Рыжеволосая женщина, еще пару мгновений назад упорно бившая ее по щекам и умолявшая проснуться, сейчас, не сдерживая рыданий, стоит над Клинтом Бартоном, в чьих остекленевших глазах больше не бьется жизнь. Тони Старк выглядит каким-то совсем уж потерянным – похоже, он совершенно не знает, что ему предпринять, а Кризанта бездумно смотрит на неподвижное лицо того, кто неожиданно стал ей дороже всего на свете.
Она слышит пульс города в отдалении; слышит еще не стихший рокот где-то под землей; слышит, как грохочет от ветра плохо привинченный навес; и слышит, как Романофф бормочет бессвязные слова, обращаясь к ней, к Рапунцель, не к Кризанте, умоляет ее помочь, сотворить чудо, сделать хоть что-нибудь…
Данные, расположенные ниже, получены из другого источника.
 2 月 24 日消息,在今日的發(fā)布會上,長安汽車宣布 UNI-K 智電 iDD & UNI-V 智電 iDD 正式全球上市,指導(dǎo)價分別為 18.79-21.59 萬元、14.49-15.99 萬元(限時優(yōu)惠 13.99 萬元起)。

Вера в сказку, вера в то, что она может обрести силу в беспощадном мире науки и логики – вот чем пропитан каждый ее судорожный всхлип, каждая просьба.
«Хоть что-нибудь…»
Эти слова бьются в голове у Кризанты, наводя на мысль о поступке, который в данной ситуации кажется единственно-правильным. Разве что этот поступок должен быть сделан с согласия обеих сторон. «Да к черту все», – неожиданно решает для себя Кризанта. Она ведь может сделать это «хоть что-нибудь», воистину может. Знания о собственной магии дают ей преимущества перед самой Смертью, новые знания, о которых она прежде не подозревала.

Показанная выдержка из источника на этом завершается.